Вдруг стало тихо, обстрел прекратился. Солдаты закопошились, начали было выбираться из воронки, но прапорщик предупредил, чтобы раньше наступления темноты никто никуда, а Шиночкин добавил:

— Выползешь на чистый снег, а тебя немец — на мушку. Сколько угодно бывало таких случаев… Да… Пишут наши, что ныне зима у них снежная… Мальцы там сейчас одни остались, небось с девками-перестарками хороводются, песни поют. Меня в деревне очень даже любили за эти самые песни, потому — голос у меня. — И он тихонько запел:

Ехали казаки…

— Ты лучше про бродягу давай, а Мирон подтянет: у него бас и сам он навроде бродяги, из тех мест, — попросил кто-то из солдат.

Шиночкин покрутил головой, дескать, ему «казаки» больше нравятся, однако тут же перестроился:

Бежал бродяга с Сахалина

Звериной узкою тропой…

Много ли надо для счастья солдату? Живой — хорошо, курево есть — и того лучше. Дымили самокрутками, зажав винтовки коленями, поглядывали друг на друга, улыбались обветренными, почерневшими губами.

— Слышь-ко, господин прапорщик, — оборвал вдруг свою негромкую песню Шиночкин, — а вы чего молчите? Или о своей Анюте заскучали?

— У меня Лена, — отозвался Николай Васильевич.

— Бросьте журиться, все хорошо будет, господин прапорщик. — Шиночкин не пояснил, почему все хорошо будет, но Николай Васильевич понял его. Хорошо, что вот так они сидят в этой проклятой воронке, что живые и что смотрят друг на друга с приязнью, а не так, как бывало раньше — подозрительно, настороженно. — Хочете, я вам другую, веселую песню спою? Я их знаю, может, целую тыщу!

— Так уж и тысячу? — подзадорил его прапорщик.

— Верное слово!

— А «Интернационал» знаешь? — вдруг спросил у него Мирон.

— Чего?

— А того, что это самая первейшая песня из всех песен. Могу спеть. В ней — про наши, можно сказать, мозолистые, трудовые руки.

— А что означает ин-тер-национал? — спросил Ванятка, глядя в рот Мирону. — Ты сначала поясни, а потом уже пой.

— Интернационал — значит объединение, — охотно начал разъяснять сухопутный матрос. — Понял, нет? Потому как это пролетарский гимн… Понятно?

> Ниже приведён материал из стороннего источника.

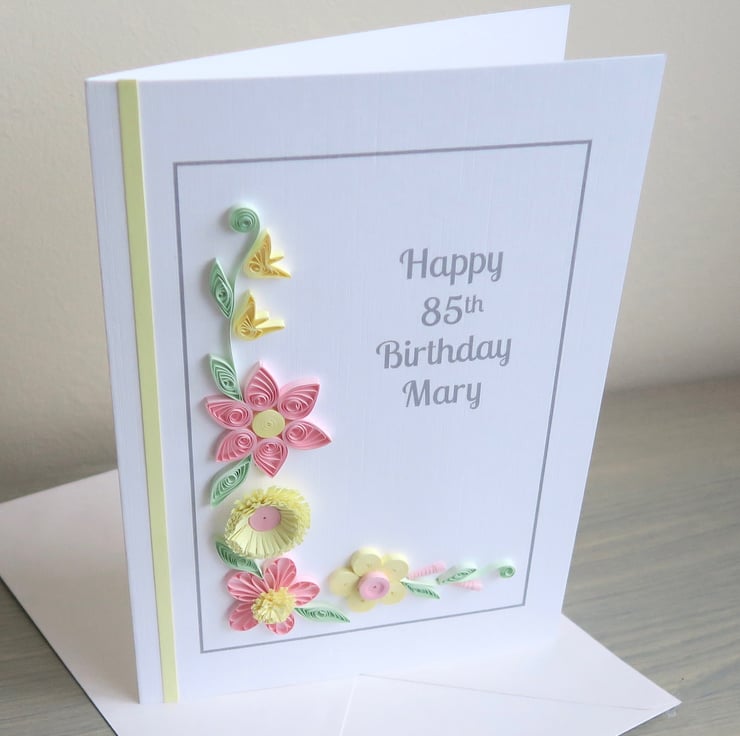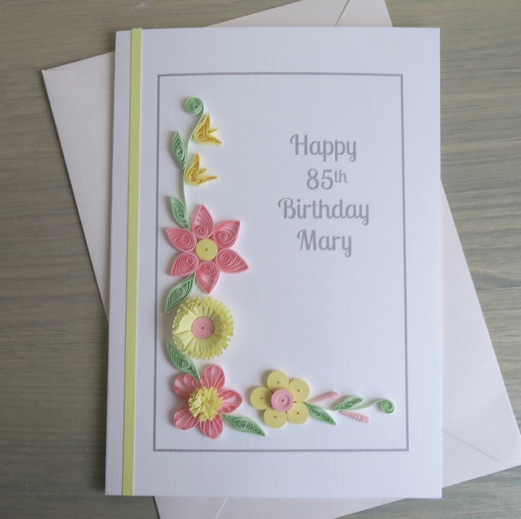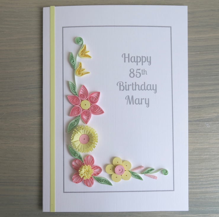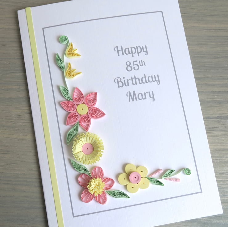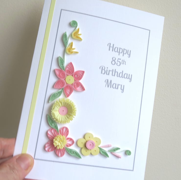 Personalised 85th birthday card, with pink and lemon quilled flowers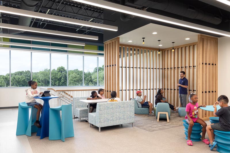 Maker spaces were designed in a manner to be partitioned by garage door) or kept open as an entire room that extends to viewing into the corridors.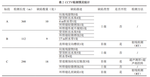 查詢(xún)相關(guān)規范,未查到長(cháng)輸油氣管道CCTV檢測相關(guān)缺陷評級依據。結合相關(guān)項目經(jīng)驗,企業(yè)內部討論得出關(guān)于CCTV檢測缺陷分級標準,缺陷分成兩個(gè)等級,Ⅰ級缺陷是指管內垃圾殘留、管頂析出水珠、管底積水、焊縫輕微銹蝕等不需要開(kāi)挖驗證的缺陷;Ⅱ級缺陷是指可能對管道本體結構造成影響的直焊縫、環(huán)焊縫、腐蝕分層脫落等需要開(kāi)挖驗證的缺陷。檢測情況統計見(jiàn)表 2。

— Да вроде бы, — смутился Ванятка, — я такой песни отродясь не слыхивал.

— Ты в школе учился? — улыбнулся Николай Васильевич.

— Не, с малых лет в батраках. Поповская дочка раза два показывала буквы, но плохо запомнилось: аз, буки, веди, глаголь, а дальше, хоть убей, не помню.

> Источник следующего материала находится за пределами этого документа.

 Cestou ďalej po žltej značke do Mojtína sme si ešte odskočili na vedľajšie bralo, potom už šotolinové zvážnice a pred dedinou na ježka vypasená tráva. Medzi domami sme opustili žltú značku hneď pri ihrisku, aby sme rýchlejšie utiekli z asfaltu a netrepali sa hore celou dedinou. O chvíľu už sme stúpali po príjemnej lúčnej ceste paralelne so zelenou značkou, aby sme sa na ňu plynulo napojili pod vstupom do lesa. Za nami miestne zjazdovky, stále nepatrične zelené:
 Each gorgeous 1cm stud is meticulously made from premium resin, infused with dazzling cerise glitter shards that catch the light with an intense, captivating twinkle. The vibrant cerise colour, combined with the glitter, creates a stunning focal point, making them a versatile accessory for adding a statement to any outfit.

— А ты послушай Седойкина — эта грамота тебе потом обязательно пригодится.

— Грамота?! Да при голосе любой песню споет, — рассмеялся Ванятка.

— Одно — петь, а другое — понимать. Про бродяг да камыши и пьяный затянет, — наставительно заметил Мирон. — Слушай, пехота, настоящую песню, со смыслом. Петь не буду — не место, а слова скажу. Говорится так: «Весь мир насилья мы разрушим до основанья, а затем мы наш, мы новый мир построим, кто был ничем, тот станет всем…»

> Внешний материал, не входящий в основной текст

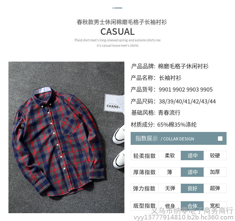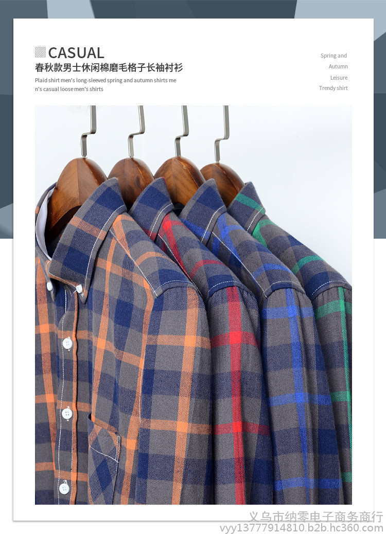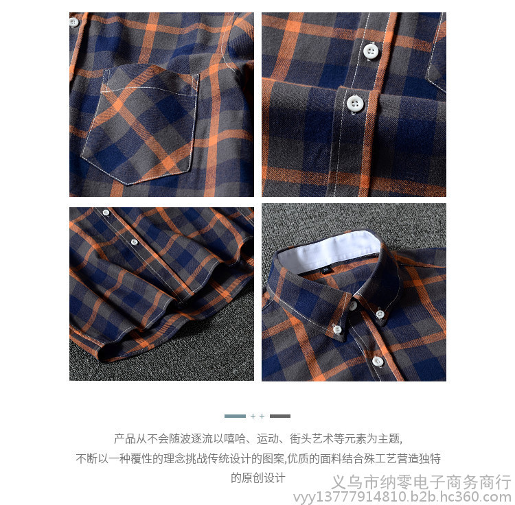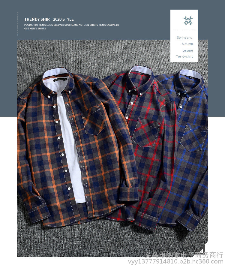 2020春秋季男式免燙韓版襯衫新款立領休閑棉磨毛格子免燙男士長袖襯衣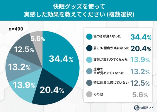・快眠グッズを使って「寝つきが良くなった」と実感した人は3人に1人(34.4%)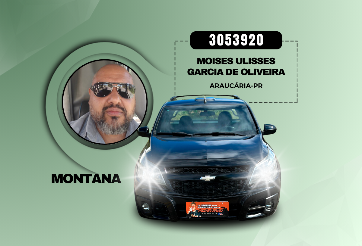 Sendo assim, o ganhador da Montana LS com o número da sorte 3053920, foi o nosso amigo Moisés Ulisses Garcia de Oliveira da cidade de Araucária-PR.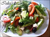 Ingrediente: 2 rosii potrivite un avocado 4-5 frunze salata verde 10 masline kalamata 50 g branza feta un fir ceapa verde patrunjel verde dupa gust sare si...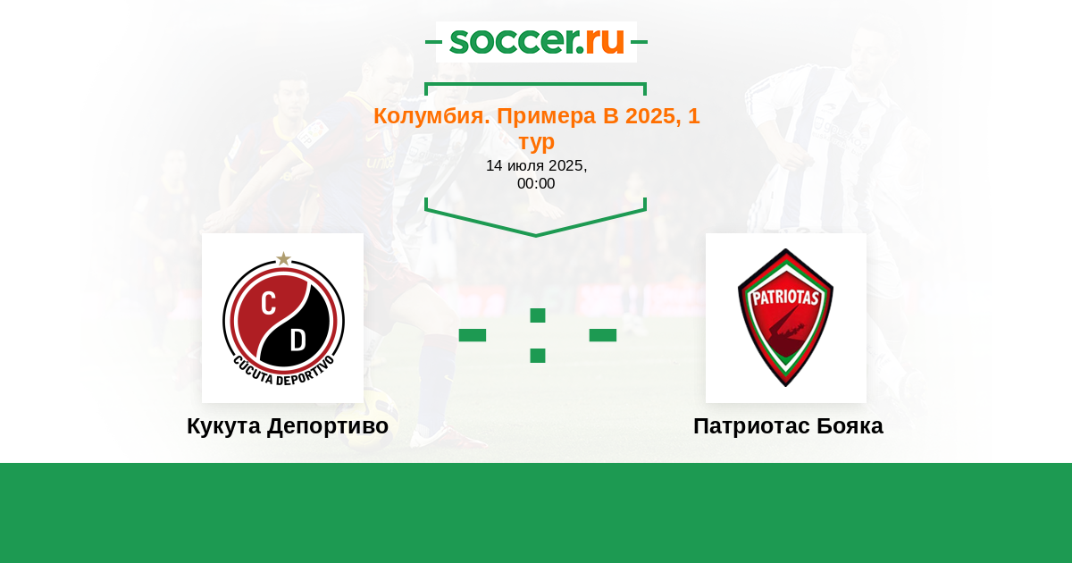Колумбия. Примера B 14.06.2025 Патриотас Бояка Логотип футбольный клуб Патриотас Бояка (Тунха) 3:2 Логотип футбольный клуб Кукута Депортиво Кукута Депортиво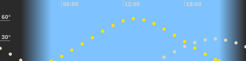| Höchster Sonnenstand (Kulmination) | 13:10 Uhr (h = 62.6°) |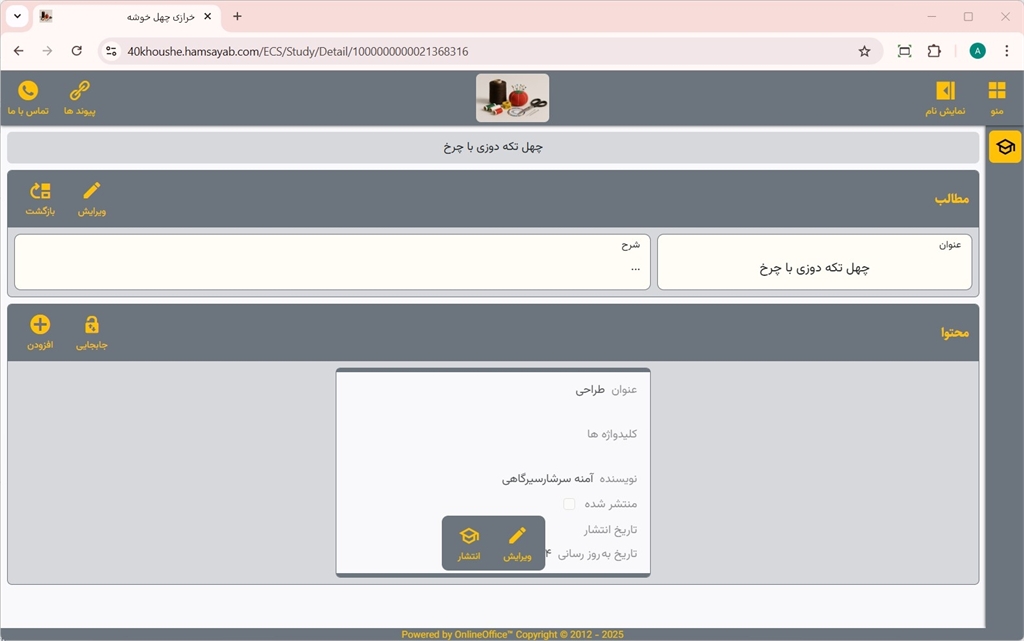برای ویرایش، انتشار یا عدم انتشار محتوای مطالب آموزشی بر روی دکمههای مربوطه کلیک نمایید.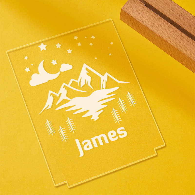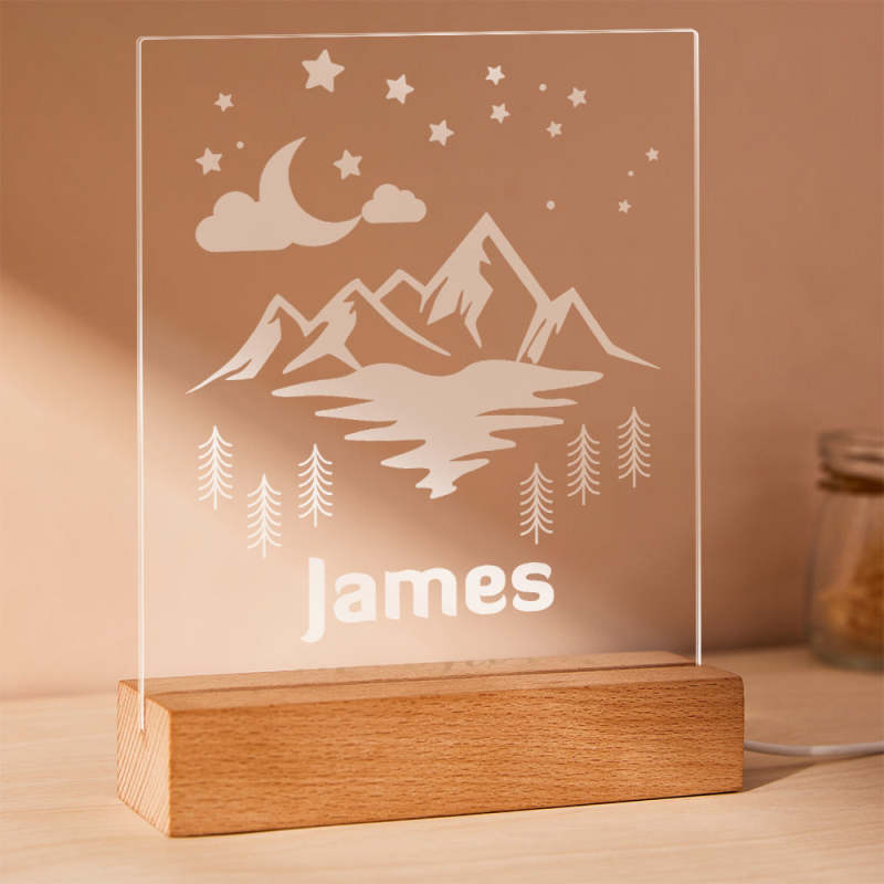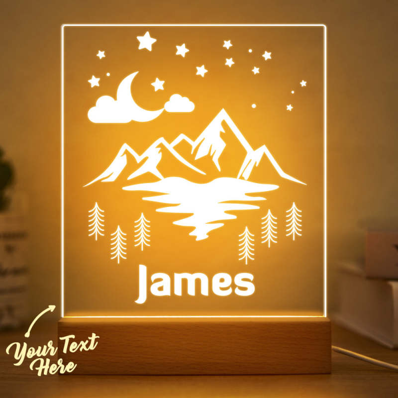 Personalized Name Night Light with Mountain Moon Starry Night Cloud Baby Gift Name Sign Lamp Nursery Boy Decor

— Мудреные слова, — сказал солдатик. — Тут без аз, буки и верно, ничего не поймешь.

25

Директор департамента принял Белонравова вроде бы с почетом, вышел из-за стола и, усадив в кресло, торжественно сказал:

— Сейчас, когда отечество в опасности, мы с вами должны всерьез подумать, как лучше поставить дело, чтобы внутренний враг не поднял голову в самый неподходящий момент. Вам надлежит в кратчайший срок отправиться на Юго-Западный фронт.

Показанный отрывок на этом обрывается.